Start of Block

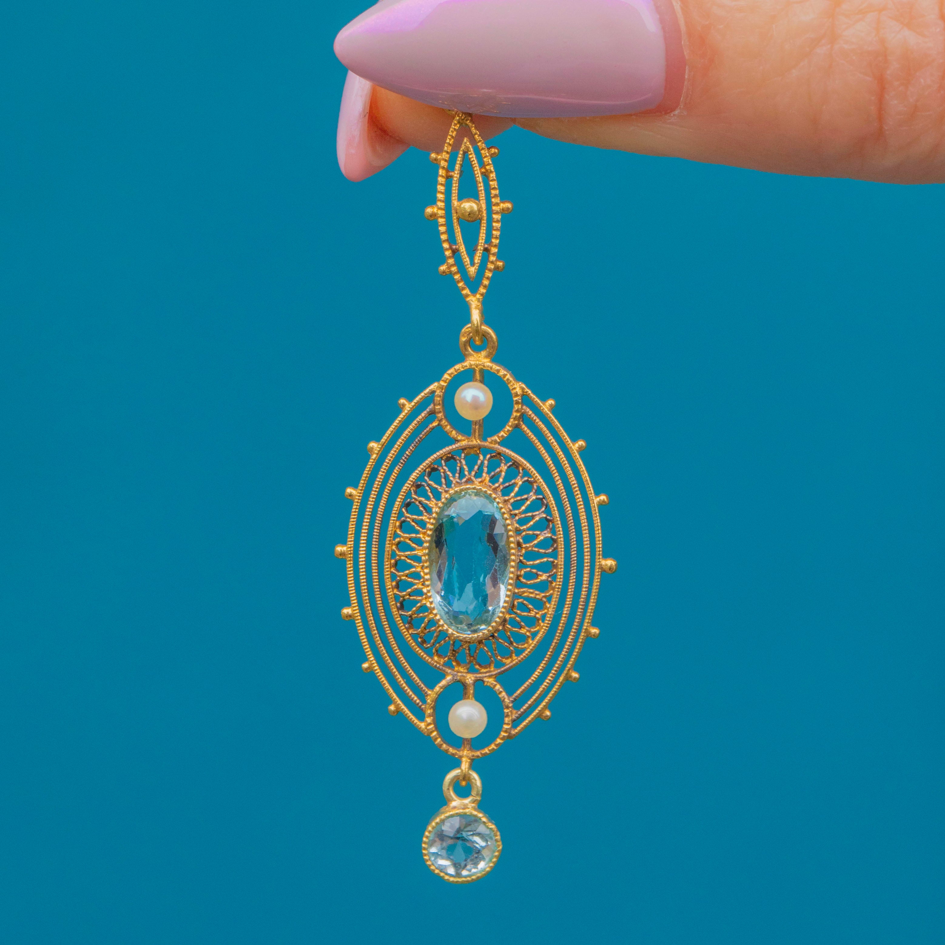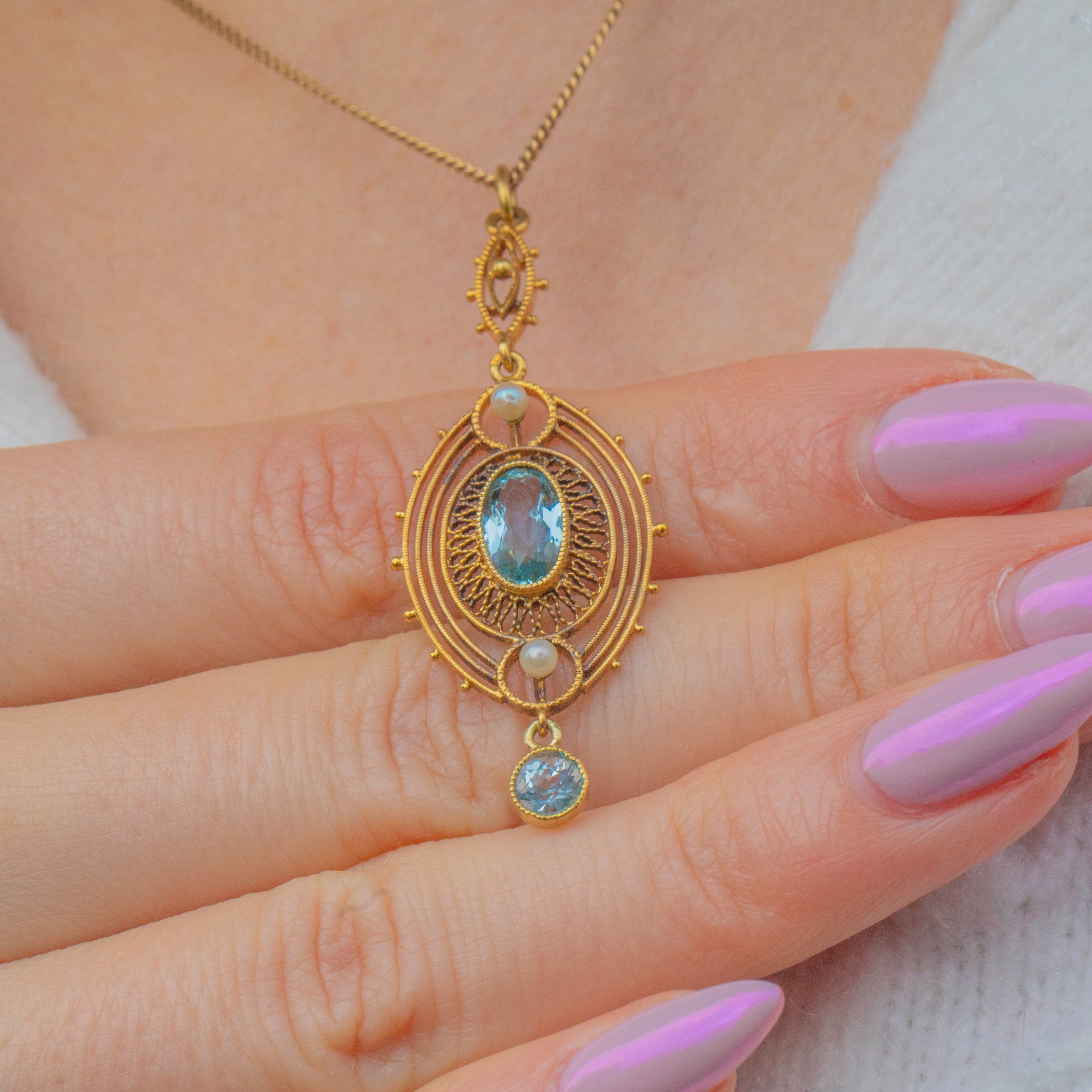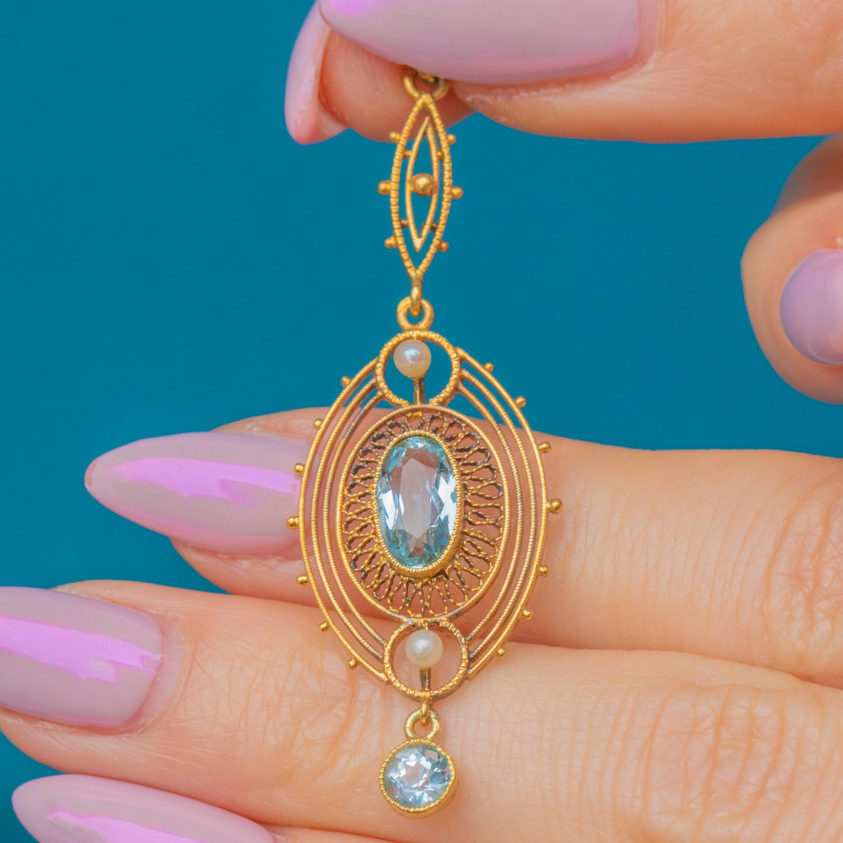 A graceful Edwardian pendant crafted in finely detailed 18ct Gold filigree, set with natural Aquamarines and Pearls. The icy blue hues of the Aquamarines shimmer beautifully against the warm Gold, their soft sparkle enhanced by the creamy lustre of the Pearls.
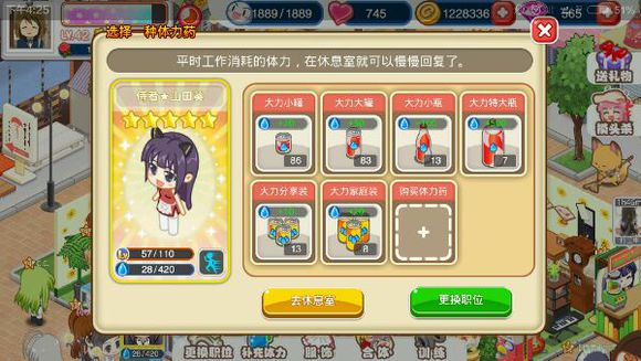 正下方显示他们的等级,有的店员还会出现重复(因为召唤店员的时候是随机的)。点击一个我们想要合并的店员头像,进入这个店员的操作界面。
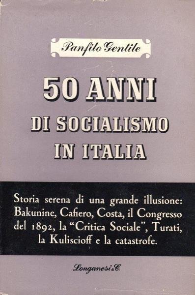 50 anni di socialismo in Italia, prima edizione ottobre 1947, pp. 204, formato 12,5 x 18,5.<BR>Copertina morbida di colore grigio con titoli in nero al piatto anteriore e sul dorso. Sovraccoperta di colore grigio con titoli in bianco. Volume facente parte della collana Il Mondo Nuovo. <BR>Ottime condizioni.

End of Block

▸ TASK ITEM:
The lines to be extracted begin at the line containing "正下方显示他们的等级,有的店" and continue through the final line of the material above, both ends included. Reproduce them exactly, without the pictures.

▸ OUTPUT OF THE EXERCISE:
 正下方显示他们的等级,有的店员还会出现重复(因为召唤店员的时候是随机的)。点击一个我们想要合并的店员头像,进入这个店员的操作界面。
 50 anni di socialismo in Italia, prima edizione ottobre 1947, pp. 204, formato 12,5 x 18,5.<BR>Copertina morbida di colore grigio con titoli in nero al piatto anteriore e sul dorso. Sovraccoperta di colore grigio con titoli in bianco. Volume facente parte della collana Il Mondo Nuovo. <BR>Ottime condizioni.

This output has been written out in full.